Cyberattacks today have become so sophisticated that some degree of compromise in any large system is nearly impossible to prevent. Defenders of critical systems today consequently aim not at complete control of their computing resources, but at maximal control. FlipIt is a simple game that models cybersecurity in its contemporary form as an ongoing territorial battle. The game provides a structure for detailed analysis and optimization of defensive strategies, and a mathematically rigorous contribution to the fledgling science of cybersecurity.
- Download: FLIPIT: The Game of "Stealthy Takeover"

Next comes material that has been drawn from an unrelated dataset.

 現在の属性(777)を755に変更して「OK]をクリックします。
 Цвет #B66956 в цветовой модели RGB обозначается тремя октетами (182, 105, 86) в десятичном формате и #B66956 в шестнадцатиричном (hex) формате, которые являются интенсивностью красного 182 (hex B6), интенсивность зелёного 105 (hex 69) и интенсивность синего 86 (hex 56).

- Download: Prof. Ron Rivest's CRYPTO '11 invited talk on FlipIt
- Download: Defending Against the Unknown Enemy: Applying FLIPIT to System Security
Advanced Persistent Threat
An Advanced Persistent Threat (APT), in industry terminology, is a sophisticated, targeted attacker or attack against a computing system containing a high-value asset or controlling a physical system. Detecting APTs is a non-trivial task, since the attacker can constantly modify and adapt his tactics to exploit a particular organization or entity. At RSA Labs, researchers are developing new anomaly detection frameworks applicable to previously unknown attacks.

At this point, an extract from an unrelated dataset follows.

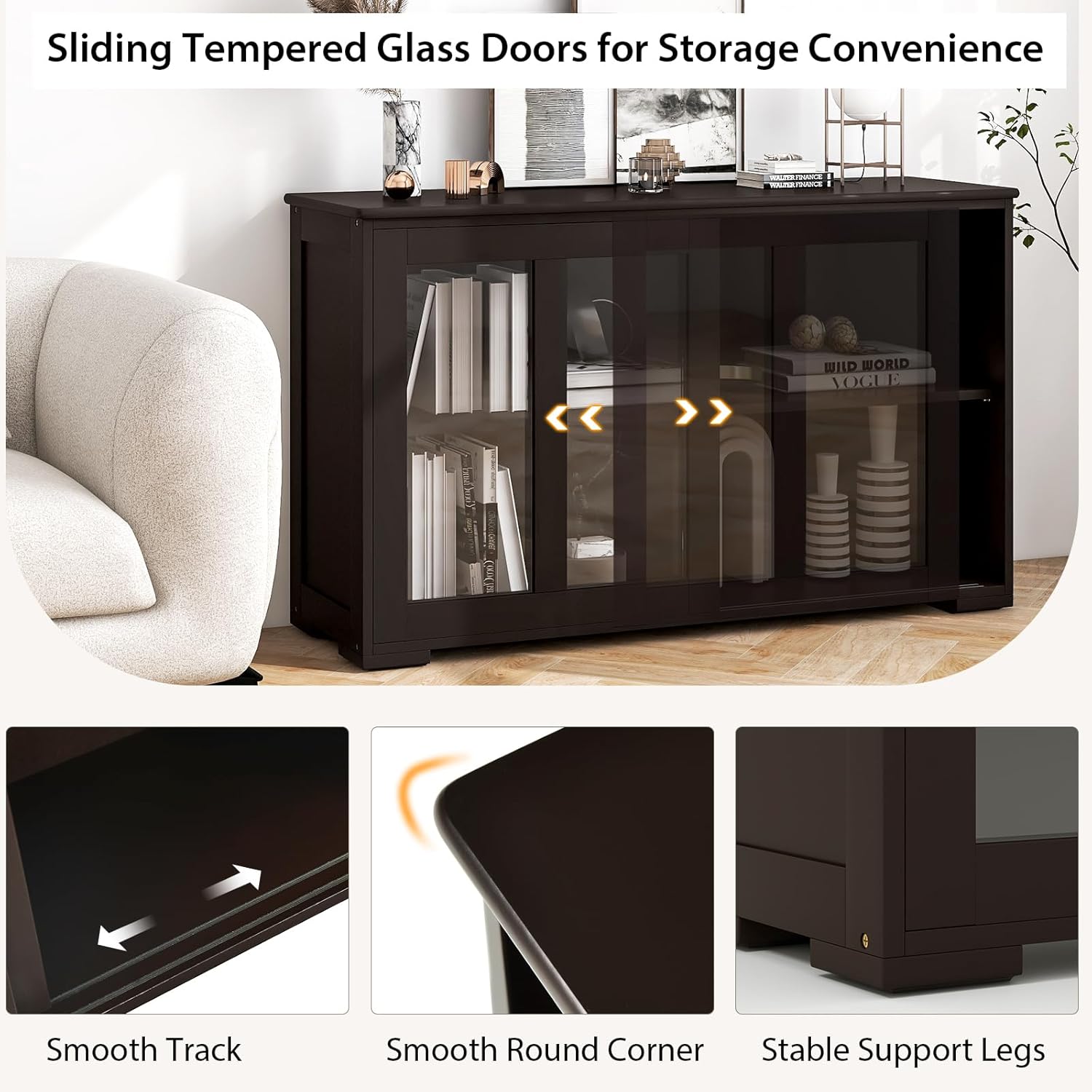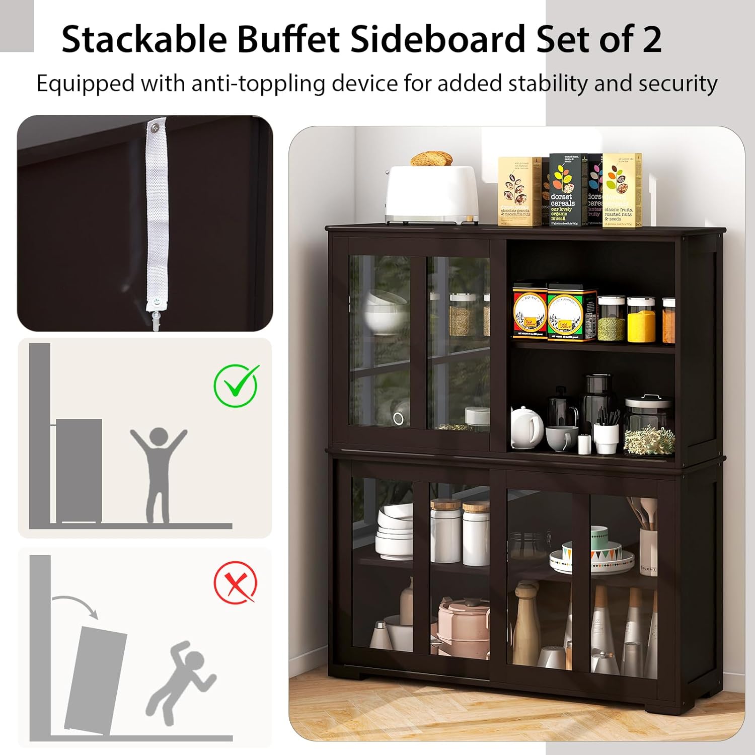 • 【2 Glass Doors & 3-Position Adjustable Shelf】The kitchen cupboard credenza has 2 tempered glass doors, which not only helps to display decorative items, but also protects the stuffs from outside dust. And the 3-position height adjustable inner shelf allows you to reasonably customize the upper and lower space.

A characteristic of an APT is that it is not a vector of attack or playbook of tactics, but rather a campaign. Attackers are by no means bound by a formula or technology. To caution against overly narrow characterization of APTs, we illustrate potential strategies of deception and evasion available in this setting by appealing to the stories of Sherlock Holmes by Sir Arthur Conan Doyle.
- Sherlock Holmes and the case of the advanced persistent threat, Ari Juels and Ting-Fang Yen, in 5th USENIX Workshop on Large-Scale Exploits and Emergent Threats (LEET), April 2012.
We apply an analytical approach to study peer-to-peer botnets using graph models from network theory. Each node in the graph represents an infected host, and edges reflect communications between the hosts. Measuring a botnet's "usefulness" by various graph properties, we evaluate the effectiveness of recommended botnet takedown strategies. Our results show that certain network structures allow the botnet to be resilient to takedown attempts, and to recover quickly after a fraction of nodes are removed.
- Revisiting Botnet Models and Their Implications for Takedown Strategies, Ting-Fang Yen, Michael K. Reiter, in First Conference on Principles of Security and Trust (POST), March 2012.